If the investment was acquired via mergers or spin-offs I may be able to do some basic research during the season, but even then I would need the cost basis information for the underlying investment.
If you receive a Form 1099-B from a brokerage house that does not include cost basis information for each and every investment sale do not just send it to me and expect me to pull numbers out of the air. Contact your broker and have him or her provide you with the missing information. If I get a Form 1099-B without cost basis information for all sales I will NOT begin work on the return until you provide me with all the missing information.

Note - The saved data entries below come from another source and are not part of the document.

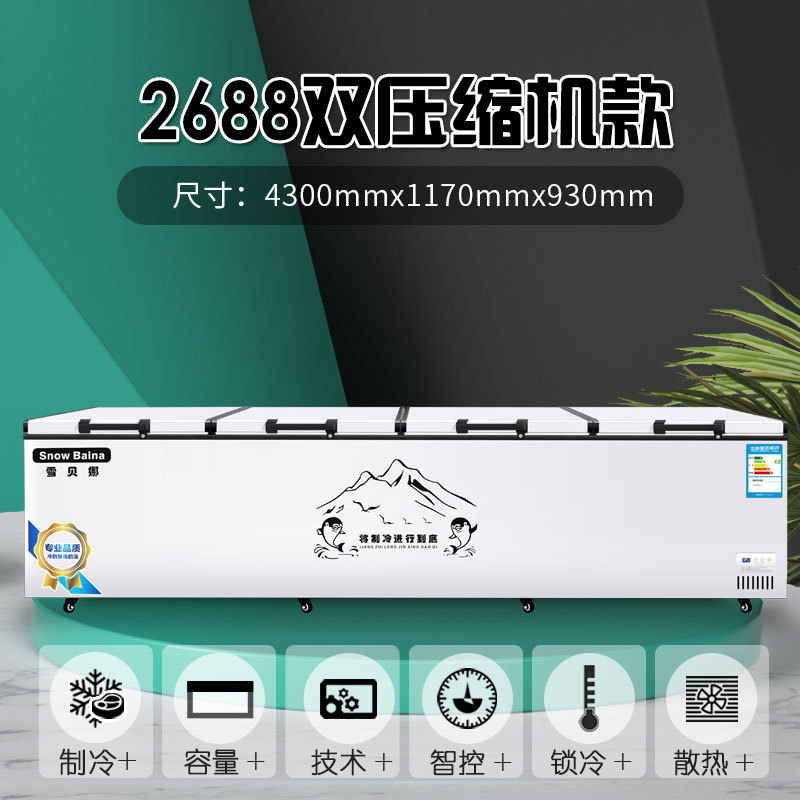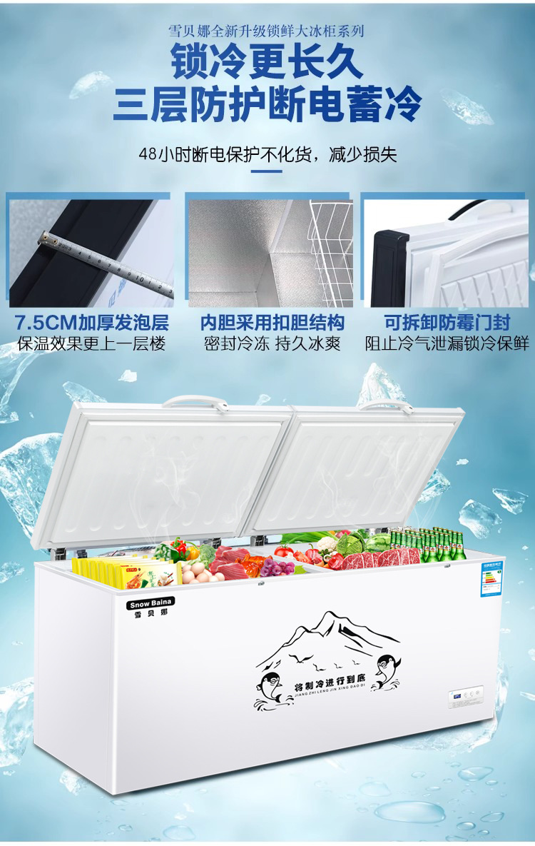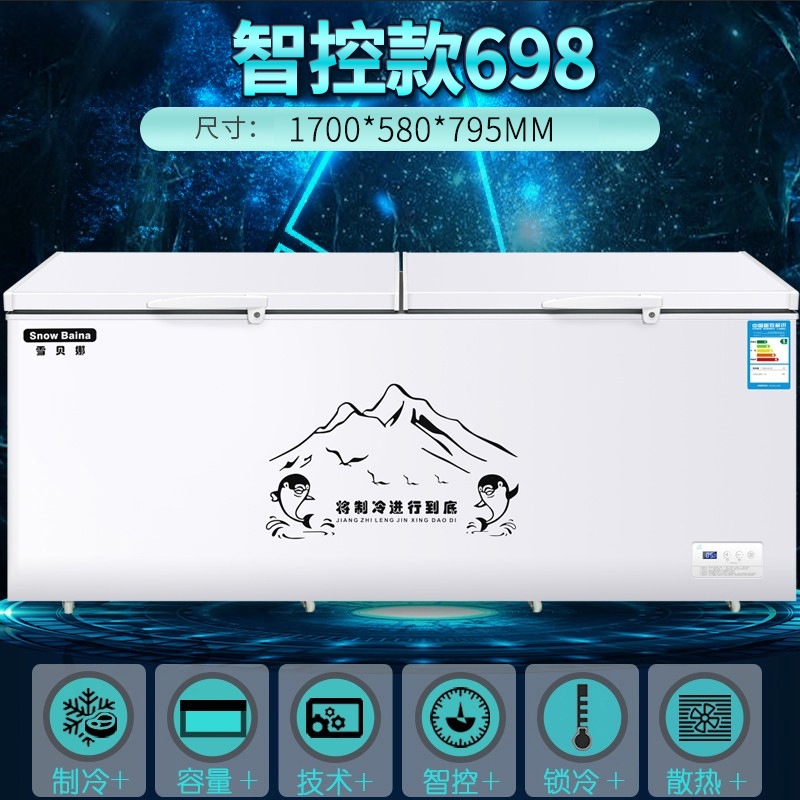 Xuebeina 수평 냉동고 상업용 대용량 냉동 냉동고 절연 캐비닛 가정용 디스플레이 캐비닛 이중 온도 절전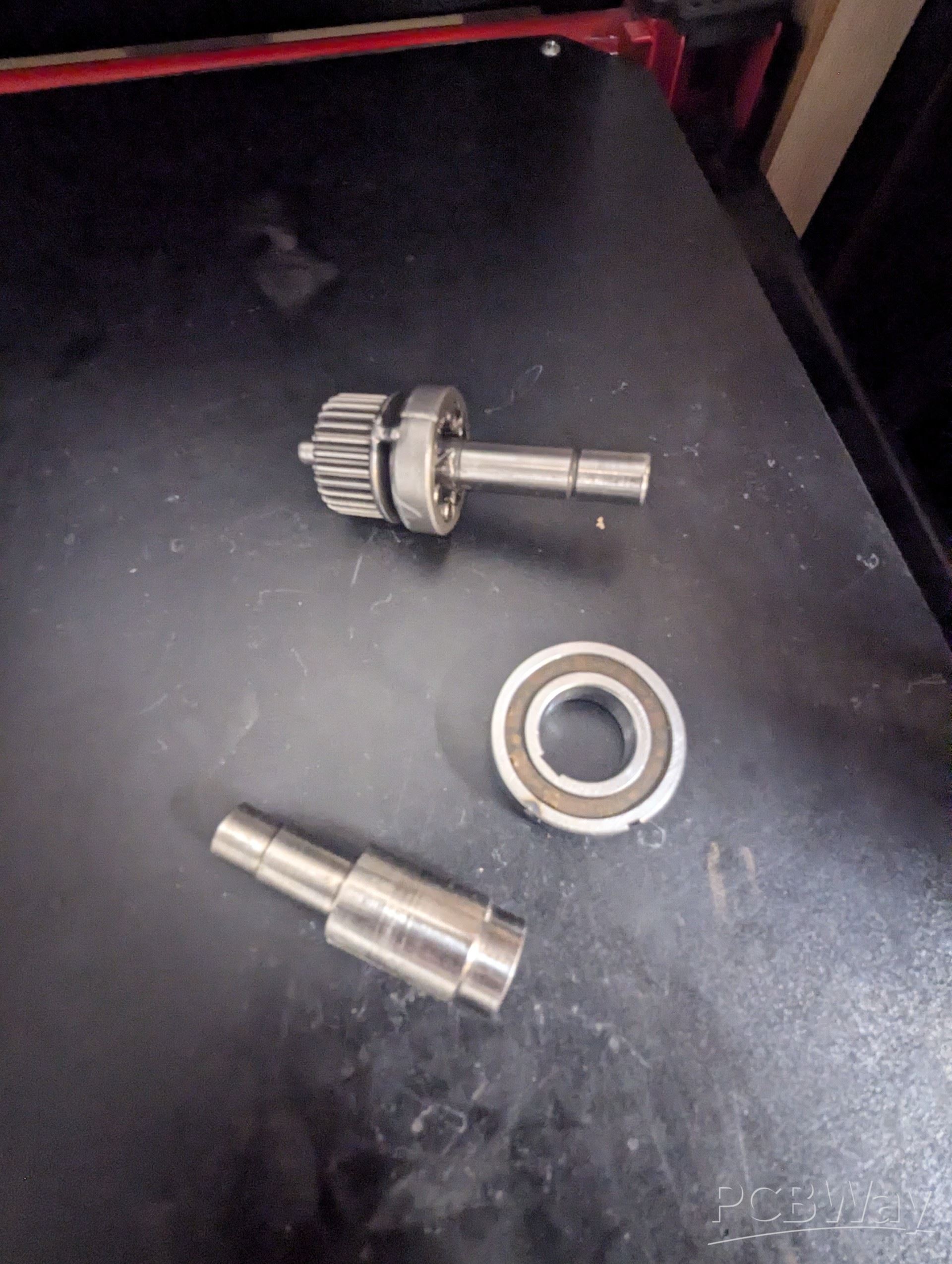 which will allow the motor to be hidden an good looking. The picture above show where the motor has enough room to sit behind the kickstart. The picture at the bottom is where I have my one way bearing and to shafts that I had in the garage and that gave me an idea on how everything work. I took this and turned it into a design and I now want to make a prototype for my bike.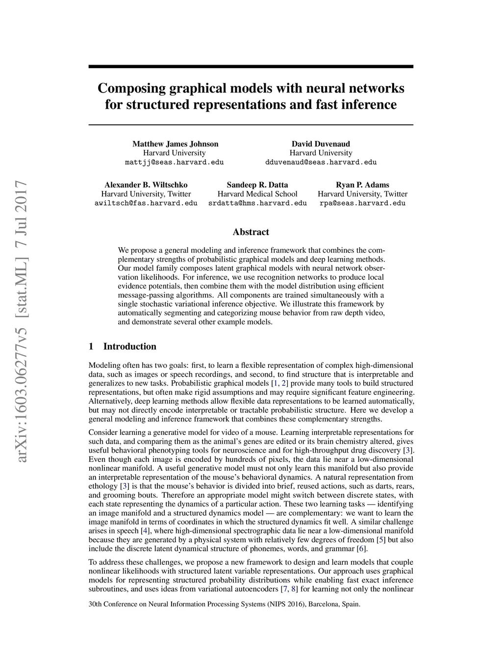 We propose a general modeling and inference framework that composes probabilistic graphical models with deep learning methods and combines their respective strengths. Our model family augments graphical structure in latent variables with neural network observation models. For inference, we extend variational autoencoders to use graphical model approximating distributions with recognition networks that output conjugate potentials. All components of these models are learned simultaneously with a single objective, giving a scalable algorithm that leverages stochastic variational inference, natural gradients, graphical model message passing, and the reparameterization trick. We illustrate this framework with several example models and an application to mouse behavioral phenotyping.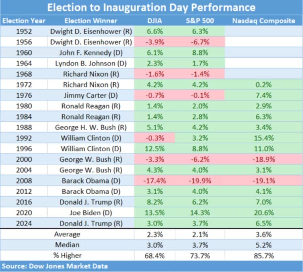 总统大选日到就职日期间美股表现如何?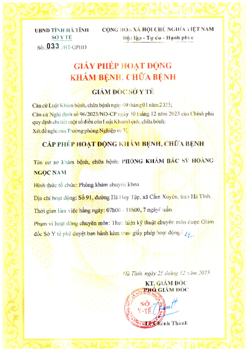 | 6 | 521/HT-GPHĐ | 04/12/2025 | Phòng khám chuyên khoa Nội Famicare Hà Tĩnh | |
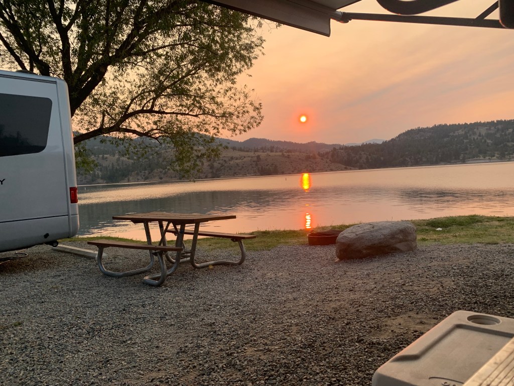 Not a lot to say about the night we stayed over in Helena at the Black Sandy Campground. It was hot and dusty and we really just wanted to sleep and wake to start all over again. The view, however, was pleasant enough.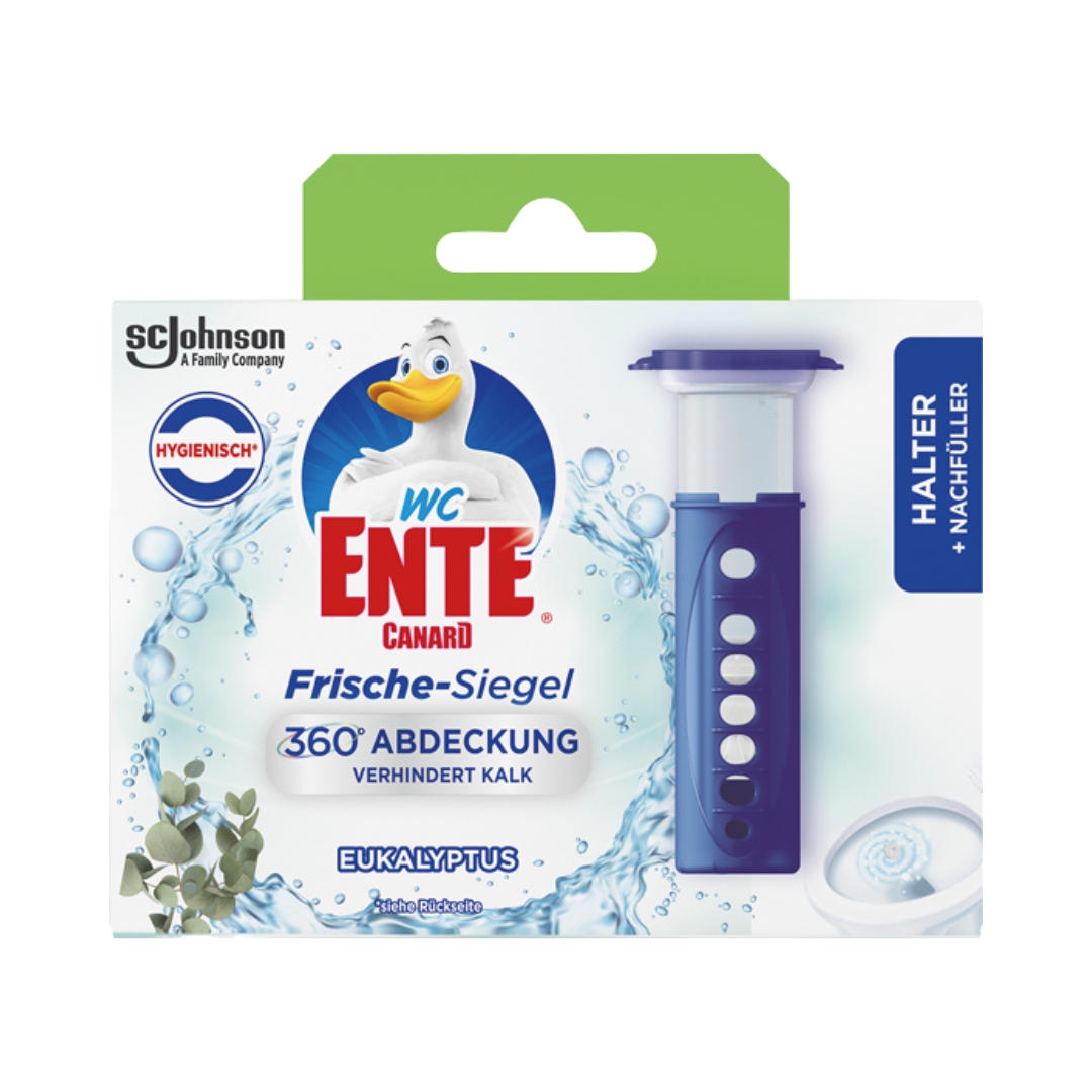 WCEnte FrischeSiegel Starterpack (1 Original Spendergriff plus 1 Nachfüller mit 6 Siegeln) ist die innovative und dezente Alternative zum klassischen WCEinhänger. Das FrischeSiegel ist das erste FrischeGel für die Toilette ohne Toiletteneinhänger. Deswegen ist der Toilettenreiniger sowohl für Toiletten mit Spülrand als auch für spülrandlose WCs geeignet. Das WCGel an der Innenwand des WCBeckens wie ein Siegel/Stempel platziert. Es setzt reinigende Substanzen und frischen Toilettenduft bei jeder Spülung frei. Einfache Anwendung: Verschlusskappe abnehmen, den Spender mit dem offenen Ende mit etwas Druck an der Innenwand des WCBeckens platzieren, Druckknopf drücken und den blauen Spendergriff vorschieben, bis der Druckknopf wieder einrastet. Den Spender einfach abziehen und das Frische Siegel haftet im WC Becken. Verschlusskappe wieder aufbringen. 1 Siegel hält bis zu 10 Tage bzw. 1 voller Spender mit 6 Siegeln bis zu 8 Wochen. Auch in Toiletten mit NanoVersiegelung oder LotusEffekt anwendbar.

For your information, according to T.C. Memo 2003-259, if a taxpayer cannot provide proof of the cost basis of a stock or other investment sold it will be considered to have a "0" cost basis. As a result, the entire gross proceeds will be fully taxable.
It is very important that you open and read all the tax documents you send me. Don’t just put an envelope unopened or unread in the package you are sending to me.”
Insert “your tax professional” for “me” in the above.